Why these criteria exist
Gout is the most common inflammatory arthritis in adults. For clinical trials, registries, and observational studies, investigators need a standardized, reproducible definition of who counts as having gout. Older classification schemes predated widespread use of advanced imaging and performed unevenly when crystal identification was not available. The 2015 American College of Rheumatology (ACR) / European League Against Rheumatism (EULAR) classification criteria for gout were developed to address that gap: they integrate clinical pattern, laboratory data, synovial fluid results when available, and imaging (ultrasound, dual-energy CT, radiography) into a transparent scoring system, with performance validated against monosodium urate (MSU) crystal identification as the reference standard in the SUGAR study cohort.

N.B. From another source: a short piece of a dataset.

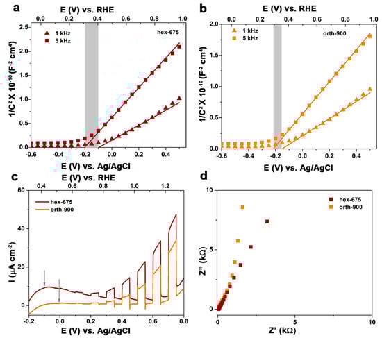Mott-Schottky plots at 1 kHz and 5 kHz of (a) hex-675, (b) orth-900, (c) chopped light photocurrent measurements in 0.1 M Na2SO4/0.1 M Na2SO3 solution (pH = 5.6) under white light emitting diode (LED) illumination, and (d) Nyquist plot of hex-675 and orth-900 in 0.1 M Na2SO4 (pH = 5.6) at 0.1 V vs. Ag/AgCl.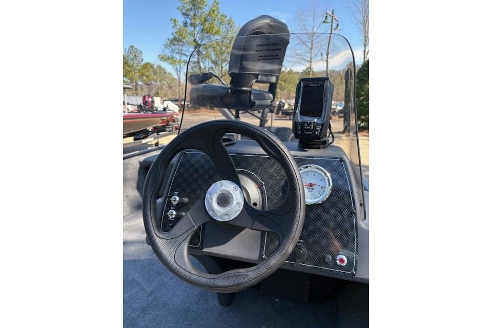 • 1-piece rotomolded console w/tinted windscreen, integrated livewell, drink holder & 12V outlet

These rules are classification criteria, not a substitute for individualized diagnostic reasoning in routine care. They are most useful when you need to decide whether a patient belongs in a research cohort or when you want a structured checklist of features that increase or decrease the probability of gout in a person who has had symptomatic peripheral arthritis.
Who the criteria apply to: the entry criterion
Classification should be applied only to people who meet the entry criterion: at least one episode of swelling, pain, or tenderness in a peripheral joint or bursa. “Symptomatic episodes” in the criteria are defined around that peripheral musculoskeletal presentation. The instrument is intended for individuals with symptomatic disease; it does not classify asymptomatic hyperuricemia.
Scoring is meant to reflect the totality of the patient’s symptomatic disease experience over time, not a single flare in isolation. Domains can be accrued from information gathered at different visits, which matters for episodic conditions like gout.
The sufficient criterion: when scoring is unnecessary
If the sufficient criterion is met, the person is classified as having gout without using the numerical score. The sufficient criterion is the presence of MSU crystals in a symptomatic joint or bursa (that is, in synovial fluid from a site that has ever been symptomatic in the way defined by the entry criterion) or MSU crystals in a tophus.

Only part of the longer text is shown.